Work to complete: Please copy out the entries below exactly, beginning with the line that contains "武汉的这家影院在整个布置手法" and ending with the line that contains "PROREGAL Paketkasten mit", and include nothing outside that span.

Task inputs:
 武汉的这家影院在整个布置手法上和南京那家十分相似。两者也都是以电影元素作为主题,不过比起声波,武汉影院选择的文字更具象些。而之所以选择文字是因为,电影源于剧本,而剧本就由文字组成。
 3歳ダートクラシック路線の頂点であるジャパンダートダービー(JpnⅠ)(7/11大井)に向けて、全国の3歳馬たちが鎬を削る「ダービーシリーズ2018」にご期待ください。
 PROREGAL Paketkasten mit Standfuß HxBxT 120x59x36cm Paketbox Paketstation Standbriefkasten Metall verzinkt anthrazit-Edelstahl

==

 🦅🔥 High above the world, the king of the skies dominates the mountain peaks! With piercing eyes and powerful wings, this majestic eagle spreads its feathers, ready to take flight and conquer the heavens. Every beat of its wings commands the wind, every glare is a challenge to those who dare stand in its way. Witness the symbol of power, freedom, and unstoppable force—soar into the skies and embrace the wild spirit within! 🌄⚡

...

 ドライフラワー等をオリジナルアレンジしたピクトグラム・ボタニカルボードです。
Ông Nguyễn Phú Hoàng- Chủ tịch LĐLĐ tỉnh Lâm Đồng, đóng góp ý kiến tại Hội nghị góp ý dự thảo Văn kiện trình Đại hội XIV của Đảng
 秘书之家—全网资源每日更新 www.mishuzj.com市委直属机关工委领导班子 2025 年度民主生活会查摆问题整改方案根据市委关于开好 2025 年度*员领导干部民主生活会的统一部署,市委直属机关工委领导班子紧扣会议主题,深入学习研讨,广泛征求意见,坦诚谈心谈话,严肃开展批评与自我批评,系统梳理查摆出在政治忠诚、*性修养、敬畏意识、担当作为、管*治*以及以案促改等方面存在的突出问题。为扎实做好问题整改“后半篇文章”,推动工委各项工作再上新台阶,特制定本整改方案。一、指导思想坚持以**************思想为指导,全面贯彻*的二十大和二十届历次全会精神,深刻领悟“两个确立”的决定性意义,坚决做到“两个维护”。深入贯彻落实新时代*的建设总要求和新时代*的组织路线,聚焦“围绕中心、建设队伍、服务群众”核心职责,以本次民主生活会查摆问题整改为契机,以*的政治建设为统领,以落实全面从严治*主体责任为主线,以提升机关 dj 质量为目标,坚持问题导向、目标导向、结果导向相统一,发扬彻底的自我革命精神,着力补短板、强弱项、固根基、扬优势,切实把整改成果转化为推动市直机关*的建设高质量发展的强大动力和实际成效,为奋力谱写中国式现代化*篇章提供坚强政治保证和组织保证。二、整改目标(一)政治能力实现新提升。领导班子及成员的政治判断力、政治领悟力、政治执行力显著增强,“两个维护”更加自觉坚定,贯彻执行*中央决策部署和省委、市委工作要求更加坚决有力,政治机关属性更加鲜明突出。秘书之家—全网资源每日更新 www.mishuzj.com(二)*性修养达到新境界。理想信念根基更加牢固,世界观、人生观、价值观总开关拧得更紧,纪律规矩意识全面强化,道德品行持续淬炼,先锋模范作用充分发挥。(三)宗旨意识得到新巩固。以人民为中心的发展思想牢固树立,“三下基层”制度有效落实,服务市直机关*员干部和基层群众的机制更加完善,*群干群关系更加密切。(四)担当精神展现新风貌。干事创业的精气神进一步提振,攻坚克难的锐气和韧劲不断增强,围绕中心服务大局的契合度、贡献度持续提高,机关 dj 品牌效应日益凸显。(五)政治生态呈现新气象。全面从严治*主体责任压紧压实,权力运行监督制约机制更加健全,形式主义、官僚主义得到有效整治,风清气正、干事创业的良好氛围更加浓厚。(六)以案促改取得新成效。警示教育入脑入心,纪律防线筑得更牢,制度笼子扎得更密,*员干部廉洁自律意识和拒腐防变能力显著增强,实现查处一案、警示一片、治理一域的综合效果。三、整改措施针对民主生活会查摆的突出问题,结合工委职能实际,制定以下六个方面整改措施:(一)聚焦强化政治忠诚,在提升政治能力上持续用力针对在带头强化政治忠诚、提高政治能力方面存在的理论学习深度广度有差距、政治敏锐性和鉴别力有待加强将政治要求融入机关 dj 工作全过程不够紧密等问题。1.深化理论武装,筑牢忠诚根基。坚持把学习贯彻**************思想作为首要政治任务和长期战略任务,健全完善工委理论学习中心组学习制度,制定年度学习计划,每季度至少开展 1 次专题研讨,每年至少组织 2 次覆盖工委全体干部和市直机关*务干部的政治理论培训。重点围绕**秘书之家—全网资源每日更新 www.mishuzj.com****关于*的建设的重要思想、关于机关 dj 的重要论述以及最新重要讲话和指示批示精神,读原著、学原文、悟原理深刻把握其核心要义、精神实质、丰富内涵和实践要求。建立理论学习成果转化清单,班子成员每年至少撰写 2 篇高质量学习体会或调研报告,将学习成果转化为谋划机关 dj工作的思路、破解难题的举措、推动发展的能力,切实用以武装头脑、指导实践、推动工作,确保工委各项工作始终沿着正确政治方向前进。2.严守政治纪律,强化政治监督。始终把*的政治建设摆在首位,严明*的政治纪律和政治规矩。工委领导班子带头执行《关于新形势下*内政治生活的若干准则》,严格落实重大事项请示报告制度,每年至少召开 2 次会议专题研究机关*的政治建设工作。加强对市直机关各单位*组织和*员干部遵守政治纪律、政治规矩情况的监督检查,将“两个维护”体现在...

Solution for this task:
 武汉的这家影院在整个布置手法上和南京那家十分相似。两者也都是以电影元素作为主题,不过比起声波,武汉影院选择的文字更具象些。而之所以选择文字是因为,电影源于剧本,而剧本就由文字组成。
 3歳ダートクラシック路線の頂点であるジャパンダートダービー(JpnⅠ)(7/11大井)に向けて、全国の3歳馬たちが鎬を削る「ダービーシリーズ2018」にご期待ください。
 PROREGAL Paketkasten mit Standfuß HxBxT 120x59x36cm Paketbox Paketstation Standbriefkasten Metall verzinkt anthrazit-Edelstahl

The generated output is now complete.